Экзекуция длится долго. Несколько часов. Уже смеркается, но колонны смертников не иссякают. Палачи работаю без перерывов. Очередная жертва входит на эшафот, рывок рычага, люк открывается, и только подёргивание верёвки показывает на агонию жертвы. Хоть здесь щадят нервы публики, которой собралось на удивление много. Я думал, в столице куда меньше народа уцелело после всего произошедшего… Переполненные мертвецами грузовики отъезжают один за другим. Похоже, военные решили сразу уничтожить всех, кто уцелел… А я смотрю на застывшие лица конвоя, с ненавистью вглядывающегося в тех, кого казнят. На переполненные злобной радостью лица аристократов, чудом уцелевших после всех ужасов. Мне противно. Уж больно это напоминает недалёкие страницы истории моей бывшей Родины… Вспыхивают костры, освещающие место казни. И, наконец, апофеоз всего происходящего. Большая группа мужчин и женщин в одинаковой одежде. Точно такой, в какой щеголяла Хьяма, когда появилась в моём доме. Я различаю следы побоев на их лицах, женщин явно изнасиловали, потому что некоторых ведут под руки их товарки. Те, что могут идти сами. Двери в кабинет распахиваются, и в комнату врывается залитая слезами океанка:

— Сделайте что-нибудь! Хоть что-нибудь, эрц! Вы же можете, я знаю!

— Закон суров, но это закон.

Она бессильно опускает руки вдоль тела, затем вдруг валится, словно подкошенная. Я перевожу взгляд с распростёртого на полу тела вновь на экран. Грохот барабанов, звон фанфар…

— Злоумышленники, убившие нашего императора, получат сейчас по заслугам. Исполняйте!..

Кто-то зачитывает приговор через жестяной репродуктор. Короткие скупые движения палачей. Куда только делась их усталость. Или их подменили на свежих? Все виселицы заполнены. Теперь только подать сигнал. И он не заставляет себя ждать. Взмах руки офицера, сидящего на лошади. Слитное движение. Всё. Несколько минут ожидания. Затем звучит залп из винтовок в воздух. Нижние стены эшафотов с грохотом отваливаются, обнажая свои внутренности и висящих мертвецов. В отличие от предыдущих казней, сейчас не спешат освободить виселицы, оставляя казнённых висеть на всеобщем обозрении. Противно. Но… Это не моя страна. Отворачиваюсь, глядя на Хьяму. Та по-прежнему в обмороке. Полы халата раскрылись, обнажая белое бедро идеальной формы, словно выточенное из моржовой кости. Встаю, поднимаю её с пола и укладываю на диван. Набрасываю сверху плед. Затем убираю аппаратуру.

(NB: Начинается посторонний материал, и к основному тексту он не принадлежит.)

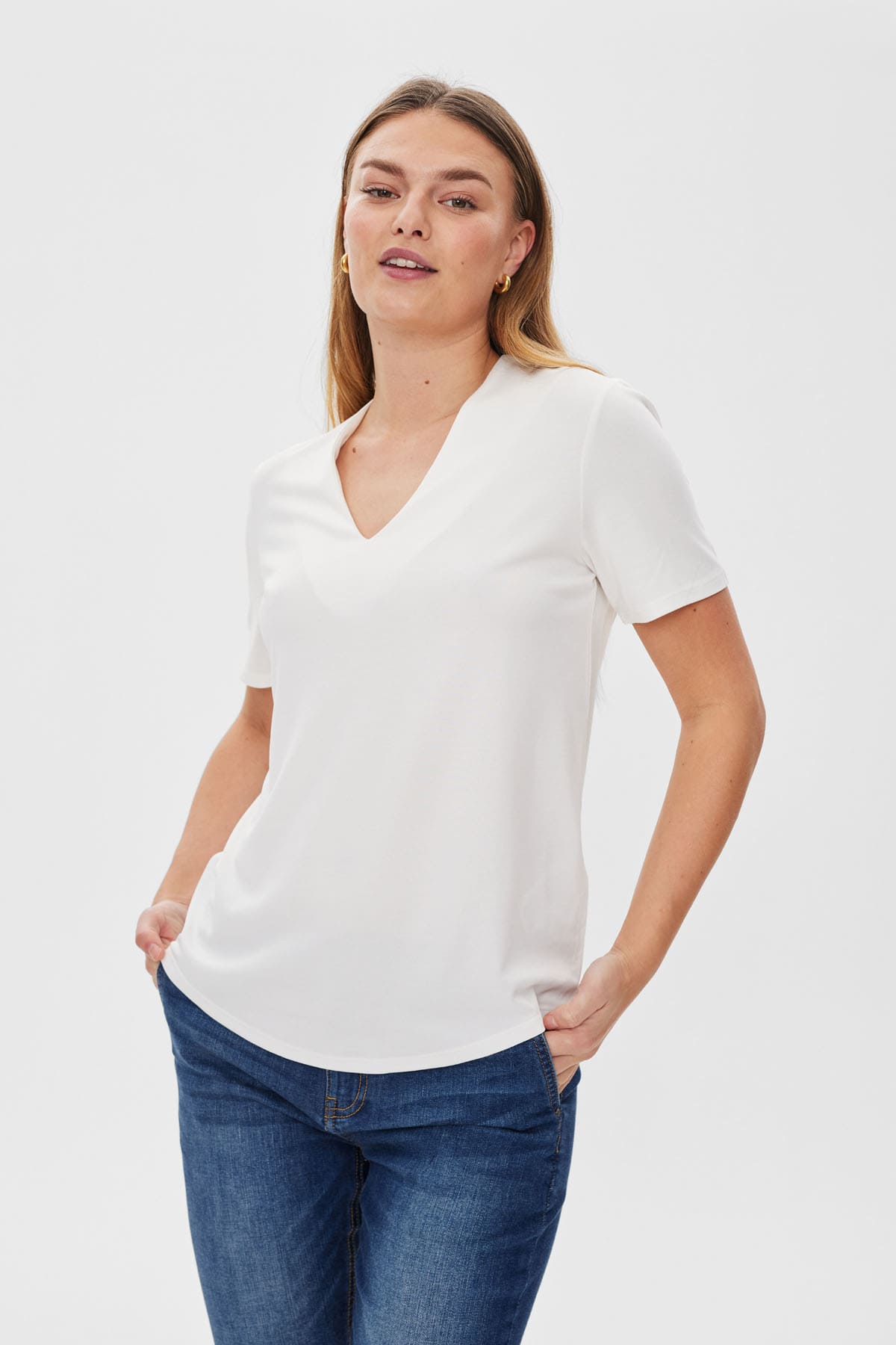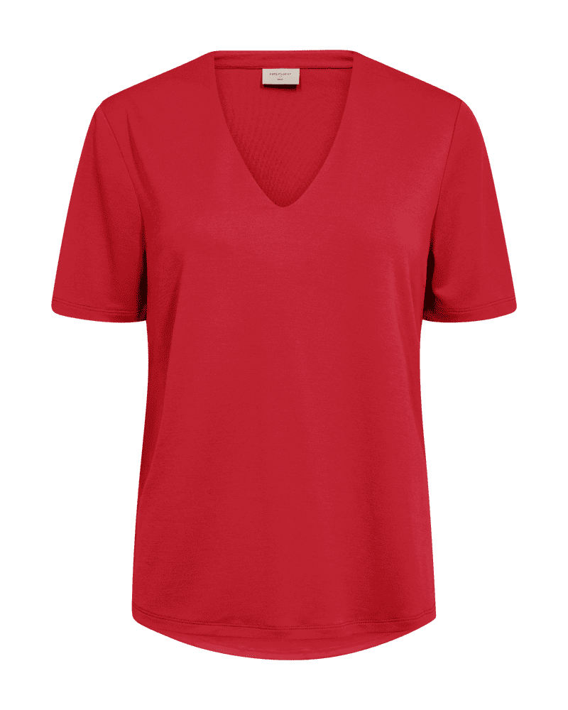 Topp från Freequent i ett mjukt material. Toppen har en enkel silhuett med V-ringning, korta ärmar och en elegant, lös passform.
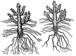 تكاثر بالفسائل الأصناف التي لا تعطي المدادات الخضرية بتفصيص نباتات الأمهات في الزراعات القديمة؛ للحصول على شتلات تحوي كل منها ساقاً قصيرة، ومجموعة جذرية جيدة، وبعض البراعم. أما الأصناف القادرة على تكوين طرود زاحفة فتكاثر بها وهي الطريقة الأكثر شيوعاً، إذ تنتخب نباتات أمهات جيدة النمو والإنتاج وتزرع في المشتل في الخريف للحصول على شتلات للزراعة من دون تخزين، أما النباتات التي سوف تخزن فتزرع في الربيع. ويتم قلع النباتات من بداية آب حتى منتصف أيلول/سبتمبر على ألا يقل طول مجموعتها الجذرية عن 15سم (الشكل 4).
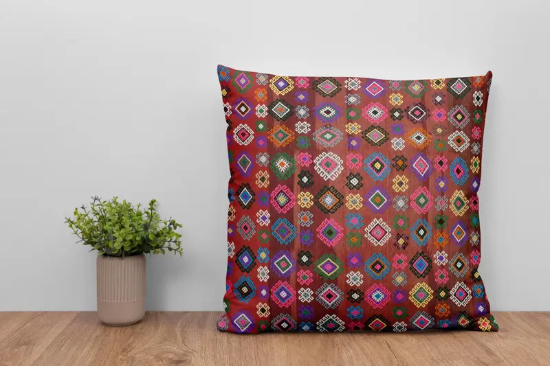 Handgefertigtes besticktes Kissen, Vintage-Chenille-Kissen in Rot und Rosa
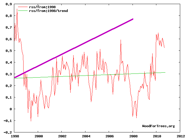 I drew a 5C/century trend (purple) on top of the actual decadal trend (green – measured El Nino peak to peak.)
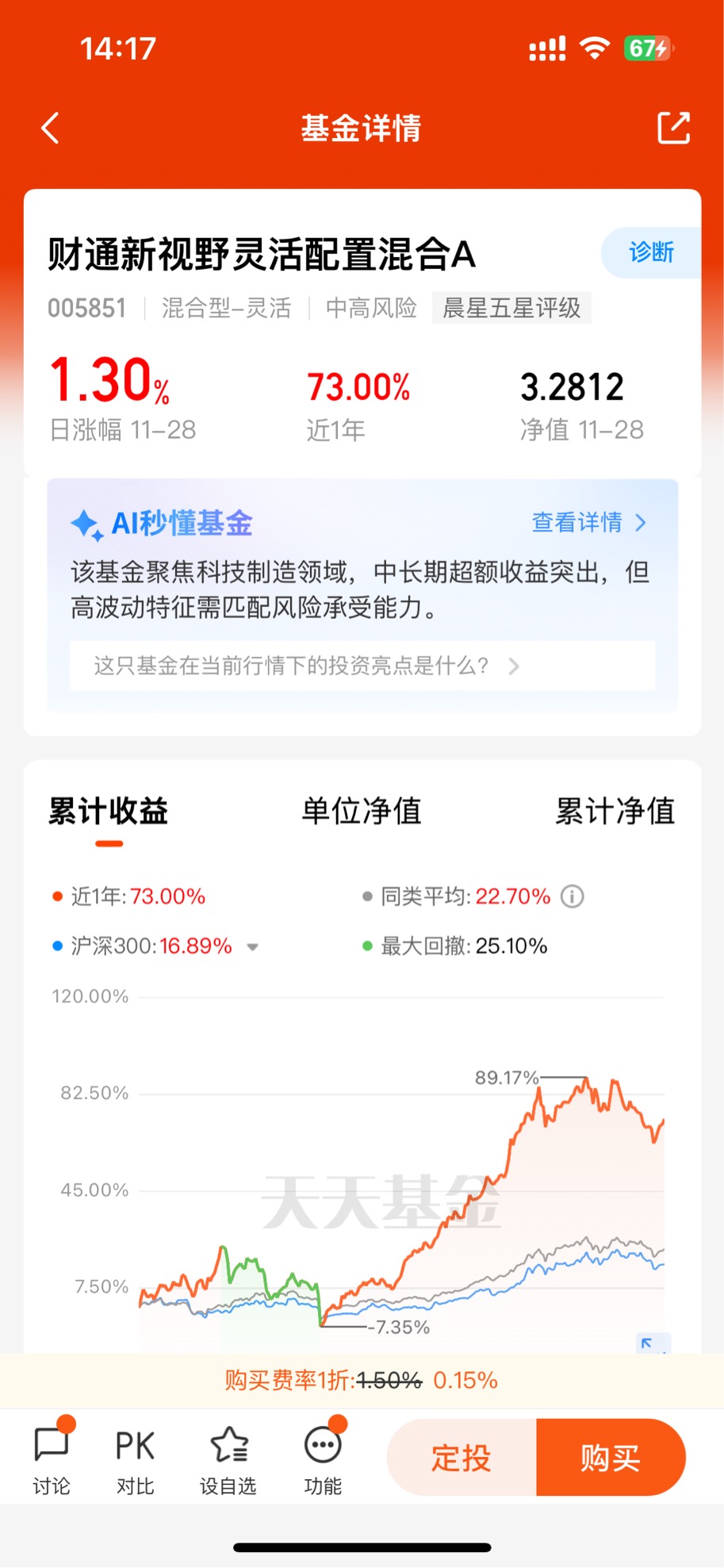 从基金本身的属性来看,财通新视野混合A的持仓偏向制造和科技赛道,既踩中了产业升级的长期红利,又具备一定的成长弹性。但不同于纯科技主题基金的激进,它会通过仓位调整和标的筛选控制波动——基金经理会基于“胜率、赔率、景气度”三维度选品,在赛道热度过高时降低仓位,在板块被错杀时逢低布局,这种灵活的策略本身就自带“平衡基因”,能在一定程度上对冲单一赛道的波动风险。
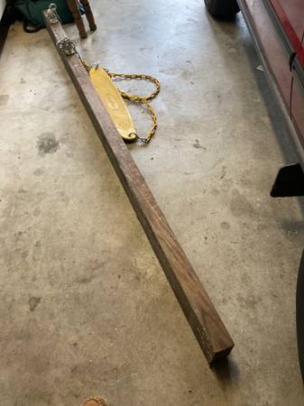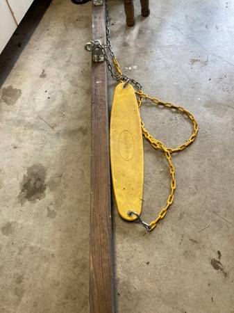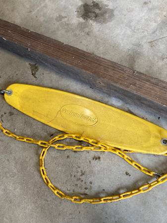 Heavy duty swing with chains and fasteners mounted to an 8' redwood 6 x 3. Swing and Slide brand, weatherproof and sturdy.
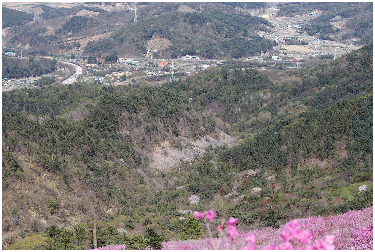 ▽ 드디어 진달래 군락지의 모습이 한눈에 들어온다. 아랫 쪽의 흰색은 벚꽃이 아직 지지 않은 상태로 마치 폭포수 같이 계곡에 핀 모습이다.
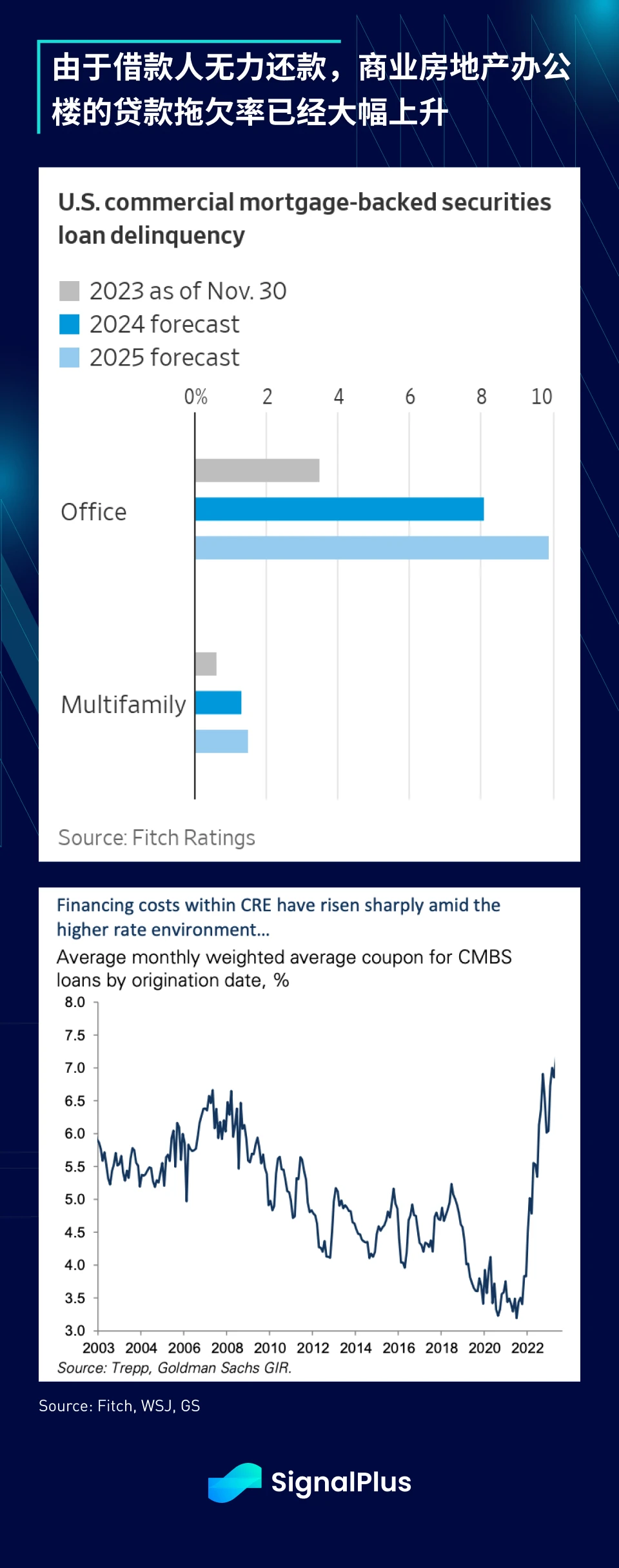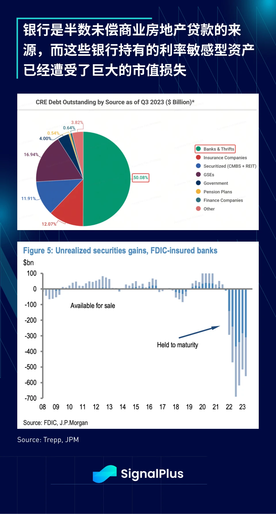 数据显示,大约 50% 的商业房地产贷款来自银行,这些银行的资产负债表早在去年第一季度就因为投资组合的未实现损失而受到打击,当然,我们不能期望银行单独承担所有损失,在接下来的几个季度中,借款人和贷款人应共同协商解决方案,分担这一压力;如果降息实际发生,这些痛苦可能会有所减轻,但我们仍需密切关注这一可能对资产负债表造成风险的领域。
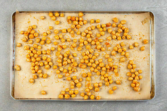 Den Backofen auf 230°C (210°C Umluft) vorheizen. Die Kichererbsen in einem Sieb mit kaltem Wasser abspülen und abtropfen lassen. Die Kichererbsen trocken tupfen und auf einem mit Backpapier ausgelegten Backblech mit 2EL Olivenöl, dem Paprikapulver und ½TL Salz vermengen. In den aufheizenden Ofen geben und in 20–25Min. goldbraun und knusprig backen.
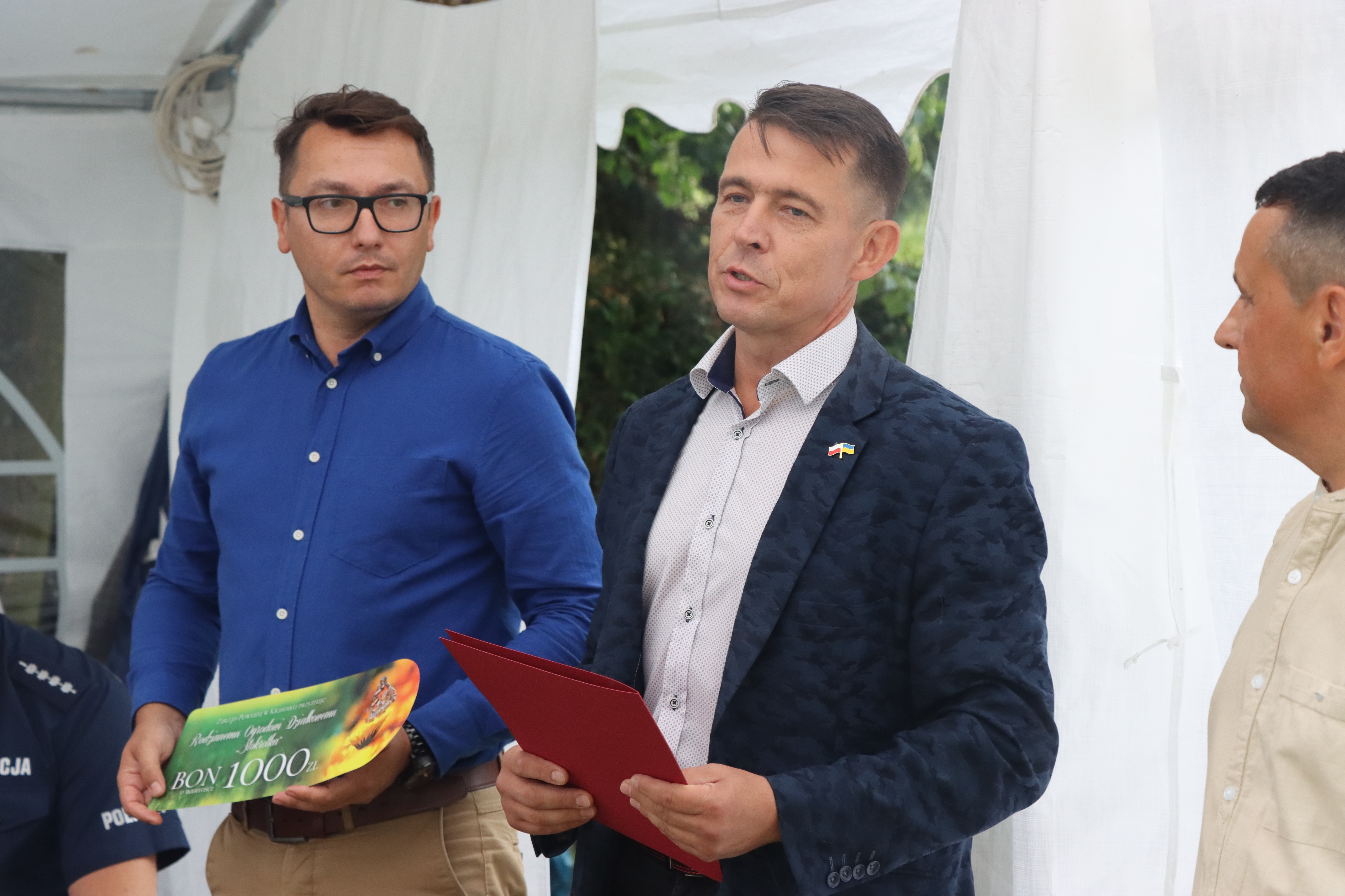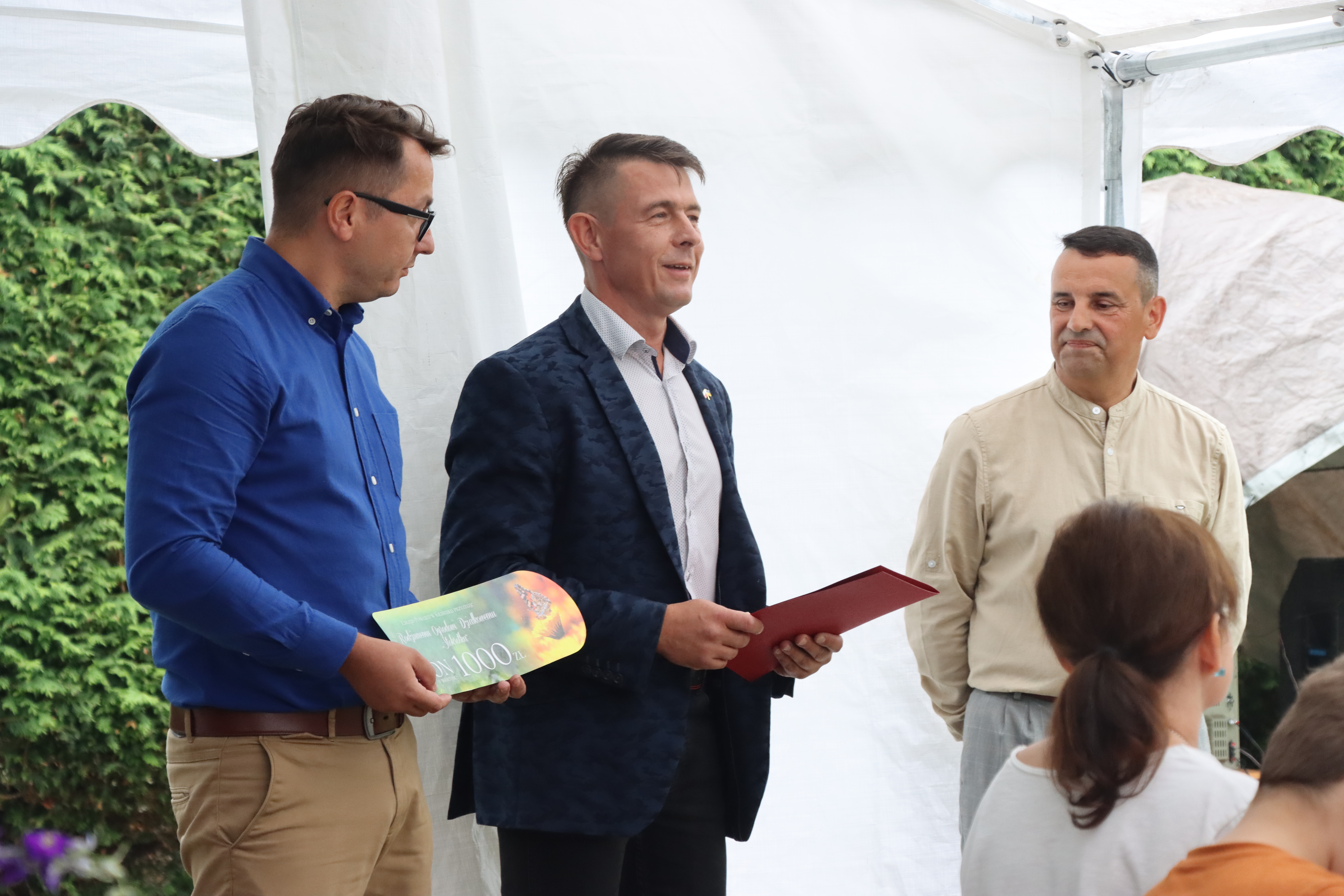 Przewodniczący Jacek Dubiel wyraził uznanie dla działkowiczów i przekazał na ich ręce bon o wartości 1 000 złotych, który zarząd ogrodów wykorzysta przy zakupie niezbędnych urządzeń do pielęgnacji zieleni na terenie ogrodu.
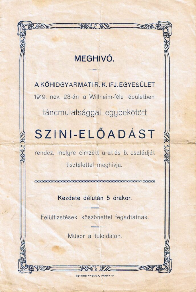 Az eddig fellelhető adatok alapján 1919. november 23-át mutatott a kalendárium, mikor először gördült fel a függöny a kőhidgyarmati színpadon. A r.k. ifjúsági egyesület Csepreghy Ferenc: A piros bugyelláris c. népszínművét vitte színre a Willheim-féle épületben.
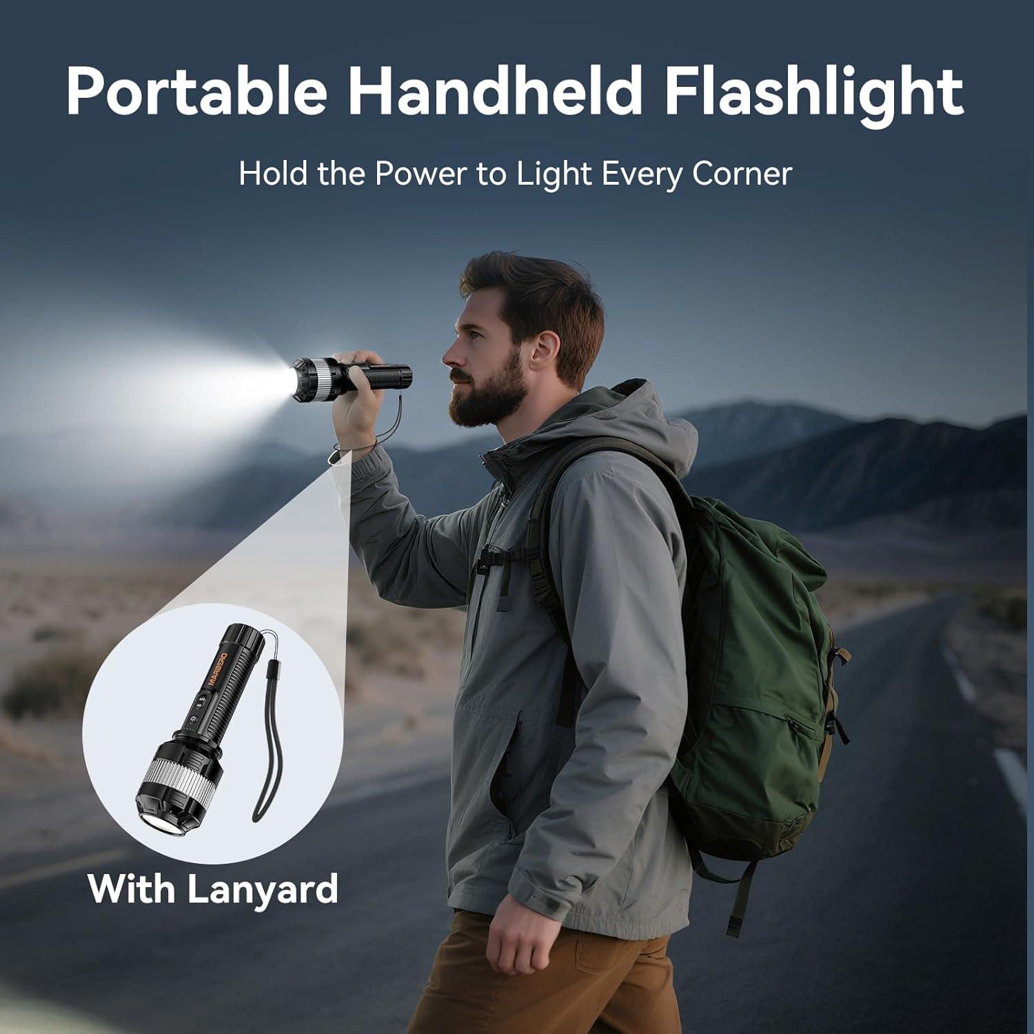 RECHARGEABLE & EMERGENCY POWER BANK: Equipped with a 4000mAh rechargeable battery and fast USB-C input, this flashlight fully recharges in just 2 hours. Provides up to 20.5 hours of runtime on low, 6.5 hours on high. Also functions as an emergency power bank for phones and small USB devices—just enough to stay connected in a pinch.

Всё… Тук-тук.

— Да?

Голос Горна.

— Ваша светлость, ужин подан.

— Ешьте без меня. Нет аппетита.

— Как пожелаете, ваша светлость.

Старик уходит. Я задумчиво смотрю на едва поднимающуюся под толстой тканью грудь девушки. Привести её в чувство? Пожалуй, не стоит. А вот перенести её в другое место необходимо. Тем более, что комнатка для неё уже приготовлена. Сам ощущаю мерзейшее настроение после столь долгой казни. Не меньше тысячи человек. Если не больше. А сколько погибло во время боёв?.. Подхватываю океанку на руки, затем иду по коридору в самый конец, где есть небольшая комната. Туда принесли кровать, как у слуг, шкаф, стол, стул. Достаточно. Она не гость. Заключённая. Я и так слишком добр с ней. Другой бы на моём месте либо отдал бы её властям, чего я теперь точно не сделаю — насмотрелся. Либо сгноил бы в камере в подвале… Укладываю Хьяму на кровать. Накрываю опять тем же пледом. Кладу на тумбочку пакет с одеждой. Очнётся — оденется. А теперь надо как-то расслабиться. Слишком тяжело переносить зрелище, подобное тому, что я видел днём. Одно дело — война. Это как-то легче переносится. Другое — вот такая казнь… Мерзко… Выпить, что ли? Да нет, пожалуй, не стоит… Поднимаюсь с кресла, спускаюсь вниз, сажусь у камина. Из столовой выходят баронесса с дочерью, бросаю на них мрачный взгляд. Аора тянет за собой Юницу, упирающуюся изо всех сил, потому что девочка хочет подойти ко мне.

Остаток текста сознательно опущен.